We have also confirmed that common firewall vendor Fortinet’s FortiGate firewalls were not affected by log4j, although some of their software made for larger companies did have a problem that they worked to fix.
Who else is affected?
This doesn’t mean that your web-hosted vendors (Software as a Service, or SaaS, providers) are safe but they must do their own security fixes, you as a customer can’t do it for them. And there are some computer applications that are affected, that require attack code to be running somehow on a computer first to exploit, so malware might be able to start using vulnerable applications to escalate permissions (become an administrator when the user is not normally) or bypass other security on an office computer, but they would need to first be able to run some code on the system as with most malware.
Some of the big web companies or software that were affected include Apple, Twitter, Minecraft, Steam, Tesla,
We have heard that some attackers are working to try and exploit local applications or local network systems using various methods such as running JavaScript from a web browser using web sockets when you visit a malicious website (which they may trick you into clicking on via phishing emails, malicious ads, or other tricky methods), which is concerning but is a little less of an immediate threat than the web-accessible services, but is a good reason to update applications quickly as updates become available. Scanning tools to scan servers and workstations to determine if they contain the vulnerable code anywhere on the system have been released and can help determine what software is and is not vulnerable and needs updates.

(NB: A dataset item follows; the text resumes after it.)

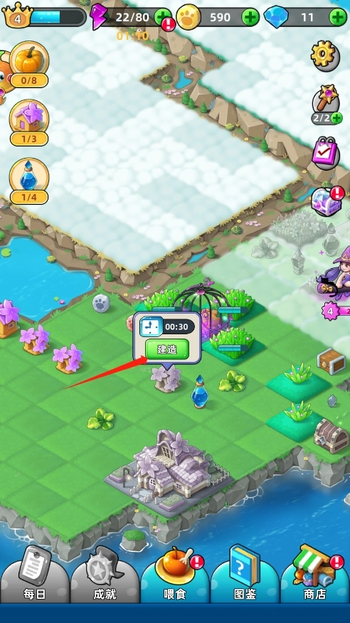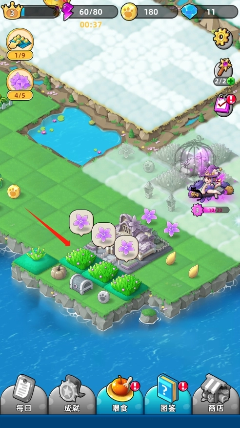 2、持续进行合并操作,能够发现新的动物、新的区域以及新的物品;点击魔法球还能对女巫发起攻击,成功击中女巫后就可以解锁新的区域。

CISA, the Cybersecurity Infrastructure & Security Agency, has released some log4j warnings and guidance, although it’s substantially technical. The news site BleepingCompute released a list of common software and hardware vendors that were affected.
Updates
The other twist is that the first attack was fixed with an updated version of log4j, but since then security issues were found in that first fix, and also in the next fix. Those are not quite as bad, but any systems that were initially updated should be updated again with the very latest fixed version to be the most safe.
Summary
Any given security measure can and will be bypassed, which is why it’s important to have multiple layers of security, from automated scanning and antivirus products to network monitoring and detection systems for local networks and cloud accounts, adding phishing and email impersonation protection, implementing multi-factor authentication (MFA), and should also include training of users on how to be aware of security risks so they don’t fall for scams. Attacks are so prevalent, it’s very likely that all companies will be compromised by an attack at some point that is initially successful. Adding layers of security that help reduce risk that this will happen often, and preparing how to respond to this eventuality, is an important thing to plan for in companies of all sizes! There is no such thing as perfect security (in a complex system that’s actually useful), but there are pragmatic ways to reduce your amount of risk without breaking the bank.